That isn’t what I wanted at all. You keep it.”
Even as
he said it, a cold shadow began to gather in the corner of the royal nursery.
The queen
gave the shadow a nervous glance and hissed at him, “Now look what you’ve done.
You can’t break a promise, not with her ring and necklace in your pocket.
She’ll haunt us both!”
“What?”
“You
swore, I swore, we both swore on my aunt’s things that you’d take the royal
baby. And if either of us breaks that promise, we’ll have her ghost following
us forever.”
Looking
at the black cloud forming in the corner of the room, the goblin asked, “What
sort of witch was your aunt?”
“Not the
sort that you want to face over your porridge every morning,” she said. “Go on. Take him. Just keep him bundled up, don’t forget to burp him
after feeding, he likes lullabies. I’ve packed a basket of supplies for you,
enough to get your through the first month or so.”
The queen shoved the baby in his arms, grabbing a large wicker basket from behind a
screen and thrusting that on him too. Then she ran to the chest of drawers and
pulled out a creature made of woolly scraps (it looked something like a bear)

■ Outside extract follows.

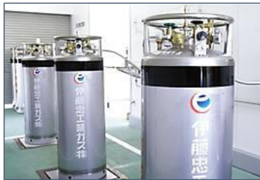
工業用液化ガス充填設備

and added that to the growing pile in his arms. Her lower lip trembled as she
stood there looking at him, but the shadow in the corner of the nursery began
to fade.
“Well, so
be it,” she said. “Best say good-bye quickly. They say that’s easiest and it’s
not like the eldest ever amounts to much. It’s always the youngest who gets the
glory.”
She
blinked rapidly in the candlelight and the despairing goblin caught a hint of
tears in the corners of her eyes. With a flash of inspiration brought on by
desperation, he juggled the baby, basket, and woolly toy into a more secure
grip and said firmly, “Now see here, I can’t just take off without giving you a
sporting chance to regain your baby. Every magic promise has a loophole, a way
out, perhaps….ummm…..a wager…”
“Like I
guess your name and you give me the baby back,” she said.
“Sure,
fine, that sounds good,” he was distracted by the slippage, the basket tilting
one way, the baby the other, and the woolly toy threatening to slither down his
stomach to the floor. He hooked up one knee to balance the basket, shifted the
baby to a more secure spot against his shoulder, and joggled the toy onto his
hip, clamping it tight to his body with one elbow.
“Hmm,”
said the queen, tapping one finger against her lower lip, “that’s not half bad
an idea. And if we do it right, it could solve a few other problems too.”
“Huh?
Yes. Whatever. Help!” The basket skewed sideways, the toy slithered out from
under his elbow, and the baby spat something disgusting down his back.
“Oh,
here, give him to me. Whatever are you doing? He’s almost upside down.” The
queen snatched back her child and settled him neatly in the crook of one arm,
tickling his chin with one long pink finger. “Silly goblin,” she crooned to her
son, “clever mommy. We’ll soon have this sorted out.” The smile that wreathed
her face was as lovely and wicked as any fairy grin.
Which was
how the goblin ended up in the throne room the next morning before a bewildered
king and smiling queen, and a great many courtiers who looked like they’d spent
too much time drinking with the fairies at the christening party. He thrust a
very fine document, all seals and ribbons, and a spinning wheel at the royal
couple.
“Your
proclamation says it fine, a spinning wheel for the queen, a reward that’s
greater than any seen, that makes the baby mine!” The goblin pointed at the
prince in his basket at the queen’s feet and prayed to himself that the king
would, as the queen swore, object.
“I
object!” yelled the king. Then, with an
embarrassed cough, “ummm, we meant not that the payment…ummm…would be…umnn.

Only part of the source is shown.